Bombing Marks End of Sri Lankan Cease-Fire
At least 25 people were killed after suicide bomber attacked bus.
Jan. 16, 2008 -- Twenty-five people were killed and more than 60 were injured after a bomb exploded on a bus carrying mostly schoolchildren in Sri Lanka early this morning.
The attack occurred in the remote town of Buttala, about 150 miles southeast of Colombo.
After the bomb exploded, passengers fled the bus, only to be fired upon by gunmen, witnesses told the Associated Press.
"Everyone that got out through the doors, they shot and killed," a 25-year-old passenger who gave his name as Sampath told the AP. "I jumped from the window and just escaped."

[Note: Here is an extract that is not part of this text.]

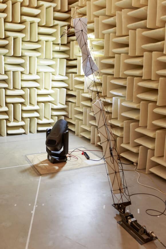 Im reflexionsarmen Raum des Akustiklabors IFAA in Herzogenrath steht das Movinglight auf einem Drehteller, der in 45 -Schritten gedreht wird. Der motorisch betriebene Mikrofonausleger neigt sich in 30 -Winkelschritten zur Seite. So werden hintereinander alle benötigten Messpunkte entlang der Hülle angefahren (Bild: Herbert Bernstädt)

Three soldiers were injured in a second roadside bomb in the same region.
The Sri Lankan government officially ended its six-year cease-fire with the Tamil Tigers today, although fighting in the small war-torn island nation south of India has escalated in recent months.
Just last week the construction minister of Sri Lanka was assassinated — the second member of Parliament to be killed in January.
Norway had brokered a peace deal between the two sides in 2002. The Sri Lankan government's decision to end the cease-fire agreement has been widely criticized by peace mediators and international governments.
President Mahinda Rajapaksa has said he abandoned the cease-fire because it wasn't working and the rebels used it as a cover to build up their military strength, according to the AP.
Fighting between the Sri Lankan government and the Tamil Tiger rebels broke out in 1983, when the rebels began to push for their own state. The mostly Hindu Tamil minority wants an independent state, claiming discrimination by the majority Buddhist Sinhalese.
More than 70,000 people have been killed since fighting broke out two decades ago. In the last two years — during the time of the cease-fire — more than 5,000 people have been killed.